During hours where it only needs to be partially on, TAS will work out for how many minutes it will need to be on for and then takes the average air flow over the hour to display in the hourly figure in the results. When the unit is on, air will enter the Fancoil unit at a constant flow rate.

#### Heating and Cooling Duty¶

The duty of a component is the upper limit on the amount of power a component can provide.

If, in a certain hour, the power demand on the component is greater than the duty of the component, the component will not be able to meet this demand.

In TAS Systems, the demand (or load) met by a component is reported for each hour in the results section. Please note that for a Fancoil unit, the heating and cooling duties are set separately. This allows you to model a Fancoil unit which just supplies heating or cooling by setting the others duty to zero.

Currently, there are 3 options for setting the duty:

• Unlimited

• Sized

• Value

Unlimited Unlimited means the component is always able to meet the demand.

Sized Allows the user to size the duty on a design condition. The user will also be asked for a size fraction. Please note that to size the duty the user will need to have design conditions in their systems file.

Value With this option the user will type in the duty of the component.

In the duty tab, you will be able to choose these 3 options as well, but with the sized and value options you will be able to add a modifier.

#### Heating Efficiency¶

The Heating Efficiency field of a heating component only appears when a user chooses from the following in the Heating Collection field:

• An electrical group

• A fuel group

• The “None” option

This is because choosing one of these options allows the user to model a component using its energy source directly at the component to produce heat.

The Heating Efficiency field allows the user to enter how efficient this process is, as a factor.

This field will not have any effect on the air-side results apart from the consumption results for this component will also appear in the results section of this component.

Please note while the option appears for the “none” choice in the Heating Collection field, any loads from the component will be discarded.

The user will be able to add a modifier to this field by going to the Heating Efficiency tab which also appears when the appropriate options are chosen in the Heating Collection Field.

#### Bypass Factor¶

The Bypass Factor field determines the amount of air that will bypass the coils and thus will not be heated or cooled by the coil.

The value is entered as a factor between 0 and 1 and this factor is then multiplied against the air flow rate of the air just before the coil to determine the amount of air that will bypass the coils.
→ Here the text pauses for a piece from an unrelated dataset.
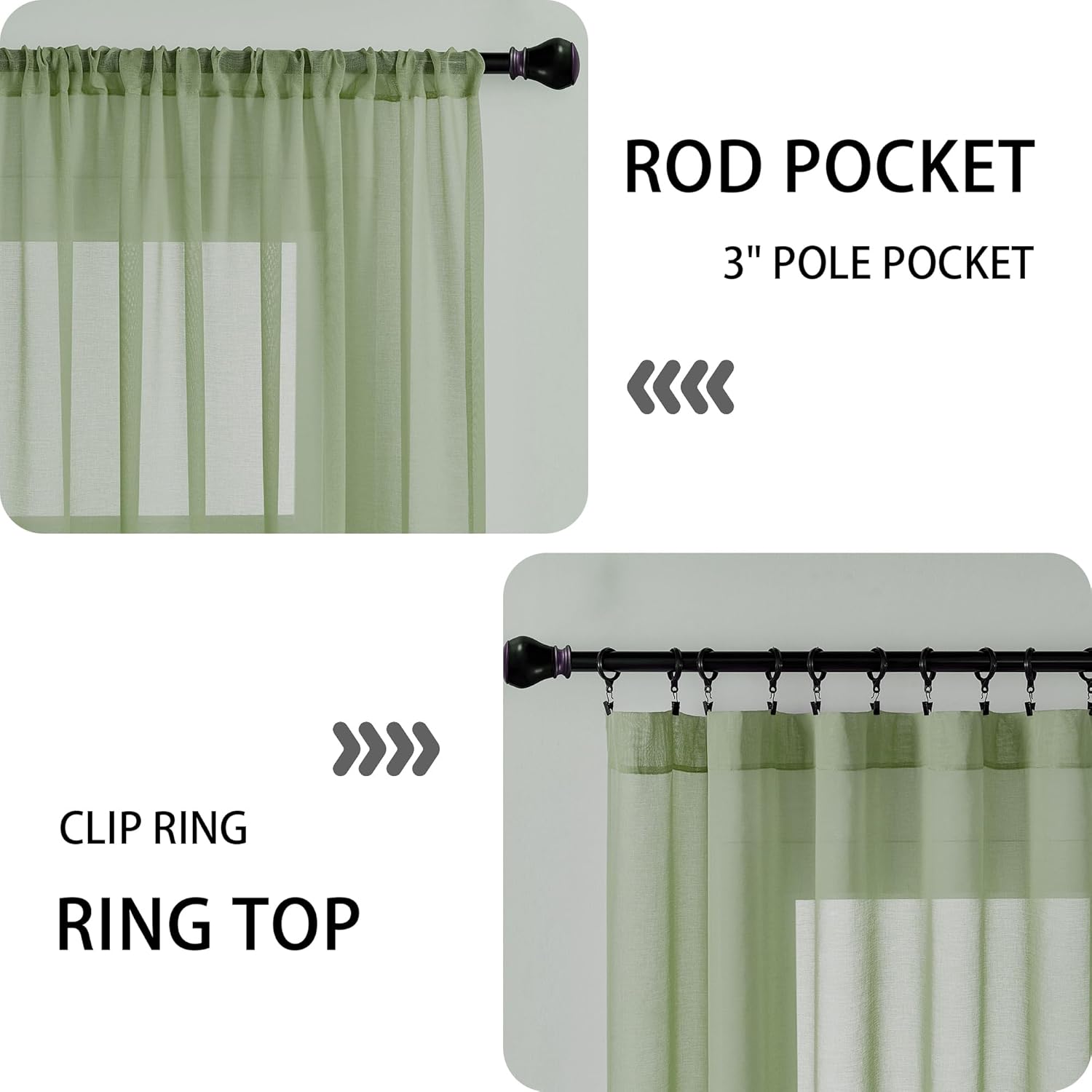 - Light Filtering: The linen look sage green door sheer curtain can allow the right amount of natural light through to bring your room a hazy and softer vision, keep you away from someone’s glance from outside and provide you some privacy.

Modifiers can be added to the bypass factor using the Bypass factor tab.

#### Design Flow Source¶

The Design Flow Source option for a zone component allows the user to set the design flow rate for the component.

When the Fancoil Unit control method is set to “CAV” or “On/Off” the Design Flow Rate will be the flow rate of air through the Fancoil unit.

When the control method is set to “VAV” the design flow rate will be the maximum allowed flow rate of air through the Fancoil unit, with the minimum flow rate set by the Minimum Flow Source option.

With the Fancoil unit component, the user has the following options for the Design Flow Source field:

• Value

• Sized

• Zone Flow Rate

• Zone Fresh Air

##### Value¶

Upon choosing this option the user will be asked to enter the design flow rate.

##### Sized¶

Upon choosing this option, the user is asked to choose from the following seven sizing methods to set the design flow Rate:

• Per Floor Area

• Per Volume

• ACH

• Peak Person

• Peak Person and Area

• Peak Internal Condition

• Delta T

Per Floor Area

Here TAS Systems asks the user to enter a value in $$l/s/m^2$$ ($$cfm/\text{ft}^2$$ in U.S. customary units). This value is then multiplied by the area of the zone to give the flow rate in $$l/s$$ in U.S. customary units).

Please note that the user can use the size fraction field to over-size or under-size this value.

Per Volume

Here TAS Systems asks the user to enter a value in $$l/s/m^3$$ ($$cfm/\text{ft}^3$$ in U.S. customary units). The value is then multiplied by the volume of the zone to give the flow rate.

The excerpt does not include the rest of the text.